Myth: Only people with OCD have strange, intrusive thoughts

Fact: This is incorrect! We all experience bizarre intrusive thoughts from time to time. Research conducted over the span of several decades has shown that 94% of the population experience unwanted intrusive thoughts, images, doubts and urges. For people without OCD, these thoughts are experienced as fleeting and random – they don’t hold any particular meaning and are therefore quickly forgotten.

For people with OCD, these unwanted intrusive thoughts become ‘stuck’ because they are seen as meaningful. For example, a person with OCD may have an intrusive thought about harming a loved one, and worry that experiencing the thought means they are bad or dangerous in some way.

Myth: Everyone is ‘a little bit OCD’, right?

Fact: Whilst it can be common to like things to be organised, to doubt whether you’ve locked the door, or double check that the stove is off, these symptoms alone do not indicate a diagnosis of OCD. OCD is a serious mental health condition. It involves intense, distressing symptoms that can significantly interfere with a person’s wellbeing, relationships, and day-to-day functioning.

Using the term OCD incorrectly is unhelpful and can be invalidating to the very real struggles of coping with unwanted obsessive thoughts and related compulsions.

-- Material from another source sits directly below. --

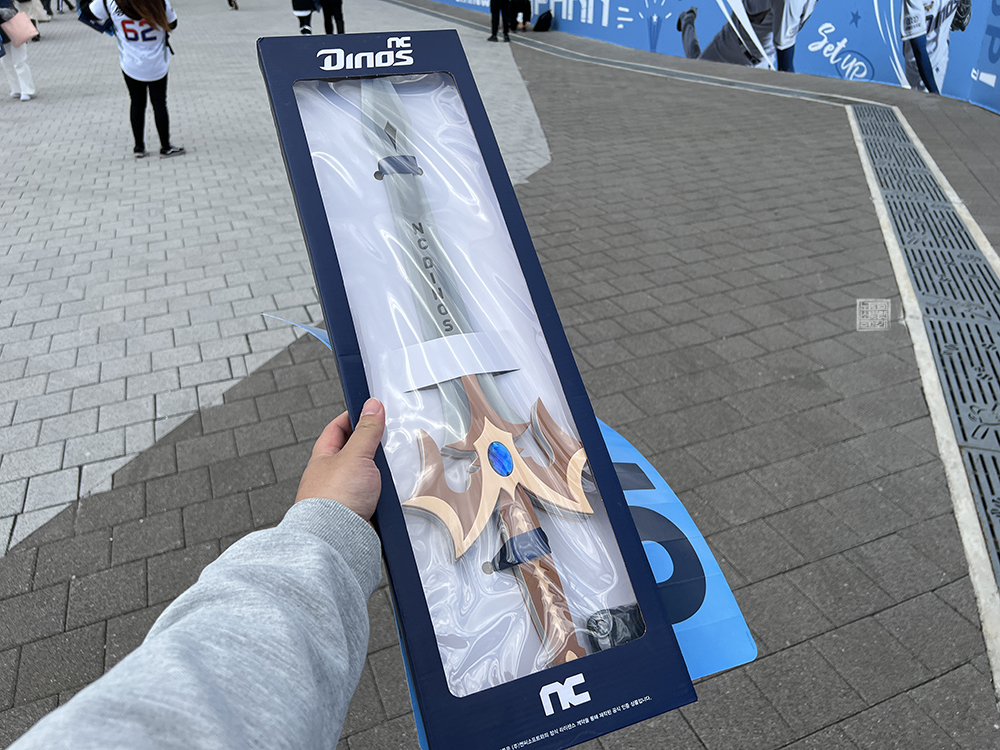 일찍 야구장에 도착해 주변을 둘러보며 사진을 찍거나 팀스토어를 찾아 여러 상품을 구경한 이후 정문 1번 게이트에서 줄을 서 있다가 12시를 맞아 곧바로 야구장에 입장을 했다. 당시 야구장을 찾은 팬들을 대상으로 NC 다이노스는 응원 도구 두 가지를 나눠주었는데, 하나는 쥘부채를 만드는 종이와 또 다른 하나는 집행검이었다.

Myth: People with OCD have to learn to live with it

Fact: People with OCD do not have to suffer alone. There are accessible, evidence-based treatments available. Cognitive Behaviour Therapy (CBT) is one of the most effective treatments for OCD. The primary component of CBT for OCD is exposure and response prevention, which involves exposure to obsessive thoughts and feared situations without using compulsions. This allows patients to learn that having an obsessive thought does not change the likelihood of the thought coming true, and that compulsions do not protect them or others from bad things happening.

Many people also find medication to help in reducing their OCD symptom severity as well as improving overall mood and functioning. With effective treatment, people can get back in control of their lives.

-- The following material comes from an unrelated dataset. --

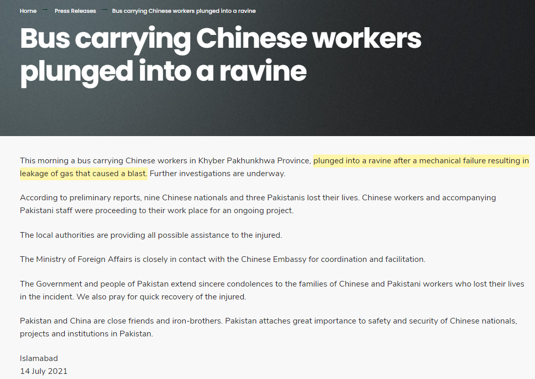 14日下午,巴基斯坦外交部在網站上發佈一則公告表示,一輛載有中國工人的班車今天早晨在開伯爾-普圖什省由於機械故障,導致氣體泄漏,引發爆炸,最終墜入河谷,進一步的調查正在進行中。

It is rewarding to see my clients make lasting change as I support them in gradually facing their fears and doing things, they have not been able to do for a long time. I recognise that it takes a lot of bravery to seek support for OCD treatment – it is a privilege to work with people who are willing to discuss unwanted thoughts, learn to approach these in a different way, and to witness the positive change that follows.